> _Problem to work on_
Going from the top of the listing below to the line that holds "The Vertiv™ Avocent®", reproduce each line exactly; no pictures.

> _Dataset content_
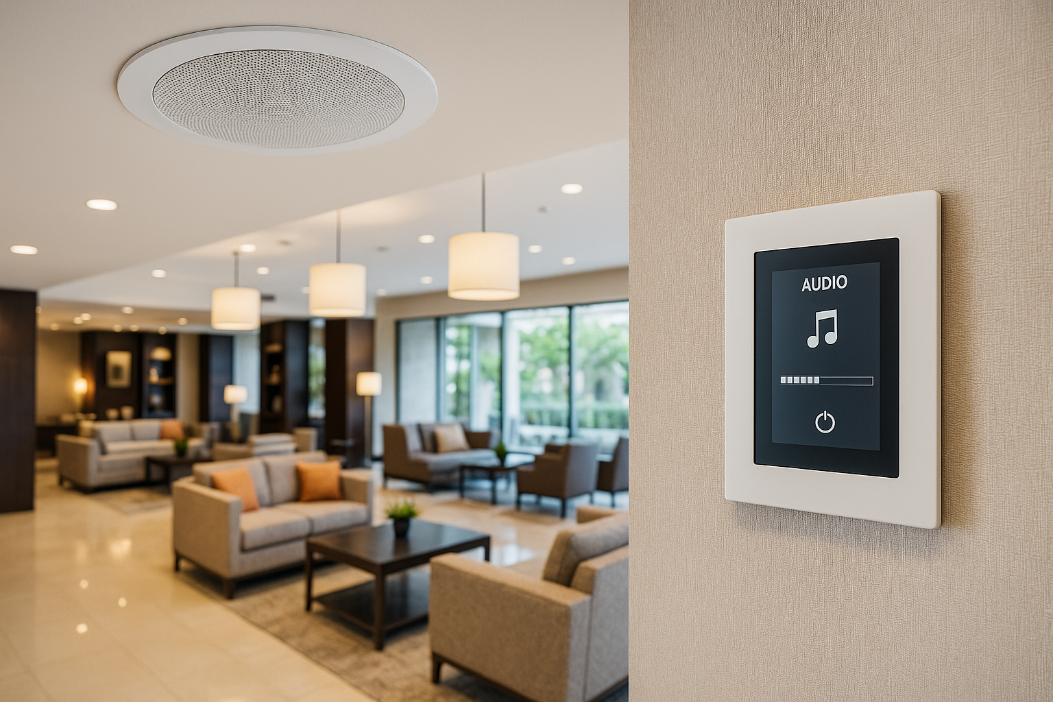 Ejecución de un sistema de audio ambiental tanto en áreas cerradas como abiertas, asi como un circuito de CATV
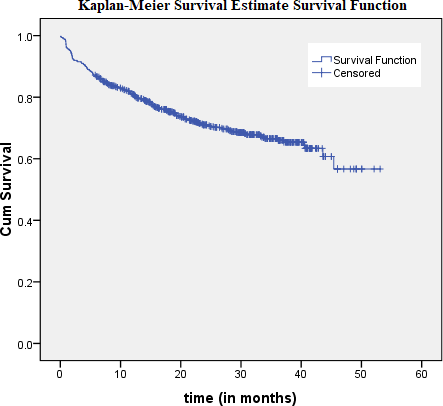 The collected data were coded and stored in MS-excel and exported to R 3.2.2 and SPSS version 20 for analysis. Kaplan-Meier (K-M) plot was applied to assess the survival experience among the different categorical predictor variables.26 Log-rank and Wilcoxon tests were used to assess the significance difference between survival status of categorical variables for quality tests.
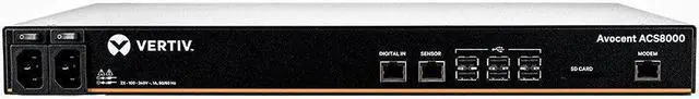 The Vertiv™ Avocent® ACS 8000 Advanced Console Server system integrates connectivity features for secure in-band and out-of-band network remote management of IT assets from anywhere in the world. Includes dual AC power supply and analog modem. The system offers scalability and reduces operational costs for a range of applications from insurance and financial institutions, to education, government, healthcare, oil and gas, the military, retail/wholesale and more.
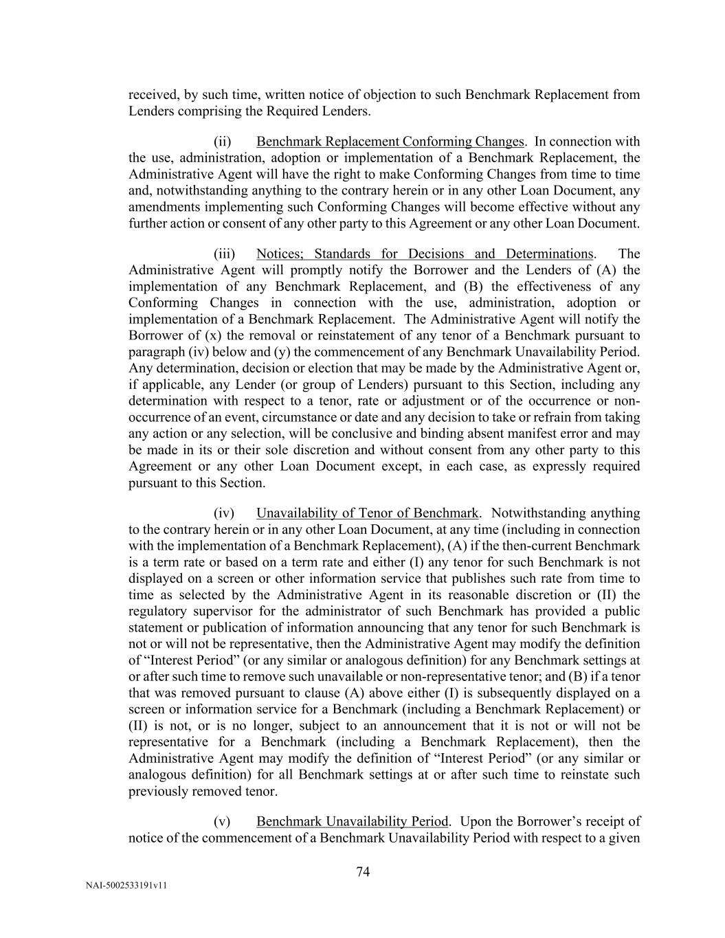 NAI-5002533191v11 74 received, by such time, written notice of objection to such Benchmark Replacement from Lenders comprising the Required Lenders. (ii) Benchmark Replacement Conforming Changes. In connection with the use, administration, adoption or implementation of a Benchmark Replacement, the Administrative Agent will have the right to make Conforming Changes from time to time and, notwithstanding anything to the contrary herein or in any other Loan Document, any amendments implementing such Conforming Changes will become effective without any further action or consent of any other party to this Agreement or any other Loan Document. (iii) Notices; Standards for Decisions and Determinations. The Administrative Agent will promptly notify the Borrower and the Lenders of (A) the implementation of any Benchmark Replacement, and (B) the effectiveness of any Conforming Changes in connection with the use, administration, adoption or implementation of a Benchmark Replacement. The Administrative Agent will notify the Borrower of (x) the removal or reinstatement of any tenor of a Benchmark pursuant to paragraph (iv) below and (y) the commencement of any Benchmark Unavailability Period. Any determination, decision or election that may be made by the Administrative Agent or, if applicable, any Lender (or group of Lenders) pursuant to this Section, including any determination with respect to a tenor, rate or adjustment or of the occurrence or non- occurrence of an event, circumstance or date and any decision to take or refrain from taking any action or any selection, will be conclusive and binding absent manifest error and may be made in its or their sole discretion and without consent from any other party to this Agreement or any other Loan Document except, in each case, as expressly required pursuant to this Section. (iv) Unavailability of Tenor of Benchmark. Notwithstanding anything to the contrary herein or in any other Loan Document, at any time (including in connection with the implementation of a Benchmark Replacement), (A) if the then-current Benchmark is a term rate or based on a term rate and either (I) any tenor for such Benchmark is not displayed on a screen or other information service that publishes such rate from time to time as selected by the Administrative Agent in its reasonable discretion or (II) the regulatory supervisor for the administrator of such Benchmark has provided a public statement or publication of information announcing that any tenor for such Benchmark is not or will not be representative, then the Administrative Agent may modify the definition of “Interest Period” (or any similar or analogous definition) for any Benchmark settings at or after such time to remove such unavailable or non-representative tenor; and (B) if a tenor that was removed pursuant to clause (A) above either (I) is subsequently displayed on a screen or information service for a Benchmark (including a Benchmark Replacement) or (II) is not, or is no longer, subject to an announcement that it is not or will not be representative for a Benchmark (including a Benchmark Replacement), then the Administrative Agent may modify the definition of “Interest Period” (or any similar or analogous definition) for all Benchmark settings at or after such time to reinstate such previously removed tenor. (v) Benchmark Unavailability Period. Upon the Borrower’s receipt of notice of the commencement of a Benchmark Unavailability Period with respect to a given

> _Solved problem_
 Ejecución de un sistema de audio ambiental tanto en áreas cerradas como abiertas, asi como un circuito de CATV
 The collected data were coded and stored in MS-excel and exported to R 3.2.2 and SPSS version 20 for analysis. Kaplan-Meier (K-M) plot was applied to assess the survival experience among the different categorical predictor variables.26 Log-rank and Wilcoxon tests were used to assess the significance difference between survival status of categorical variables for quality tests.
 The Vertiv™ Avocent® ACS 8000 Advanced Console Server system integrates connectivity features for secure in-band and out-of-band network remote management of IT assets from anywhere in the world. Includes dual AC power supply and analog modem. The system offers scalability and reduces operational costs for a range of applications from insurance and financial institutions, to education, government, healthcare, oil and gas, the military, retail/wholesale and more.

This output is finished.